Bonds

US bond prices fall with weaker Bunds

Treasurys


U.S. Treasury prices fell on Wednesday and benchmark yields edged up from five-week lows, with prices dragged lower by weaker German government debt.

Bund prices declined partly on robust demand for a new 10-year issue of Spanish government debt, signaling investors' appetite to buy riskier euro zone assets as the region has shown some signs of better times ahead.

"Treasuries are following Bunds and other core euro zone debt,'' said Gennadiy Goldberg, an interest rate strategist at TD Securities in New York.

(Read more: Stocks, bonds fairlyvalued: Bridgewater's Dalio)

U.S. government debt prices also fell on hedging tied to this week's corporate debt supply and worries about the Federal Reserve pulling back stimulus further at its upcoming policy meeting.

Despite the early market weakness, Treasury yields have held in a tight trading range between 2.80 percent and 3.00 percent since the beginning of the year.

"The market is not sure where to go next,'' Goldberg said.

In the absence of major economic data this week, most investors moved to the sidelines, awaiting the Fed's decision on policy when it meets next Tuesday and Wednesday.

There is a growing consensus Fed policy-makers will likely shrink its third round of quantitative easing (QE3) for a second straight meeting. Some analysts forecast the Fed will lower its monthly purchases of Treasuries and mortgage-backed securities by $10 billion to $65 billion in February.

(Read more: World's elite gathers for Davos 2014)

"The Fed will likely continue to taper at $10 billion per meeting (this year),'' said Carsten Quitter, chief investment officer at Allianz Life Insurance of North America in Minneapolis which has over $100 billion in assets.

According to a J.P. Morgan Securities survey released earlier Wednesday, 68 percent of the firm's Treasuries clients said on Tuesday they had a neutral position in U.S. government debt, up from 64 percent the previous week.

In the meantime, the U.S. central bank brought $2.25 billion to $3.00 billion in Treasurys due in February 2021 to November 2023 for its QE3 program.

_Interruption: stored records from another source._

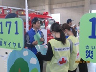 展示コーナーでは、NTT西日本香川支店のブースに災害用伝言ダイヤル171の体験機を設置し、訓練関係者や地域住民の方々に体験していただき、災害時の連絡方法の周知啓発に取り組みました。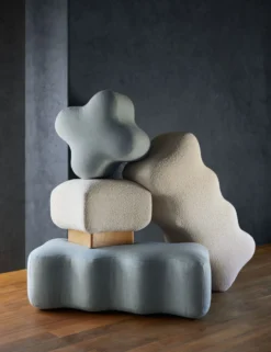 Eny Lee Parker brings her thoughtfully grounded approach—an embrace of slowness, intention, and respect for nature—to an exclusive collection with Lulu and Georgia. Inspired by bojagi, a traditional wrapping cloth held dear in Korean culture, this ottoman features a plush boucle cushion set on a light wood base. Concave sides bring a subtle drama to the sculptural shape.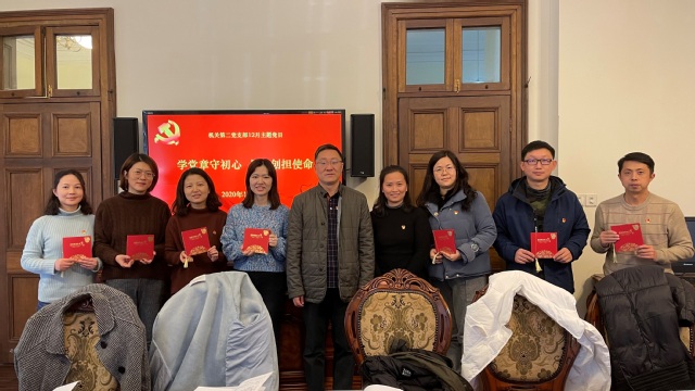 根据学校组织部关于12月份主题党日和组织生活的要求, 1225日下午,机关第二党支部在老干部活动室举行了“学党章守初心、品文创担使命”主题党日。党委书记谢巍为支部下半年过政治生日的同志颁发了生日贺卡。会上大家共同学习了党章并谈了学习体会。主题党日由支部书记徐莹主持。

On the open market, benchmark 10-year Treasury notes were down 7/32 in price with a yield of 2.863 percent.

The 10-year yield fell to 2.818 percent last Friday, which was its lowest since Dec. 11, according to Reuters data.

Treasurys lagged their German counterpart with their 10-year yield premium over 10-year Bunds rising to 1.09 percentage points, the biggest in two weeks.

The yield on 10-year Bunds rose to 1.760 percent from 1.744 percent on Tuesday.

While benchmark U.S. and German yields rose, peripheral euro zone government yields fell, led by Spain whose new 10-year debt issue has fetched intense demand.

The yield on 10-year Spanish sovereign debt fell near eight-year lows on Wednesday at 3.693 percent.

As for domestic supply, U.S. companies sold about $11 billion in investment-grade debt on Tuesday, bringing the month-to-date total close to $83 billion, according to IFR, a unit of Thomson Reuters.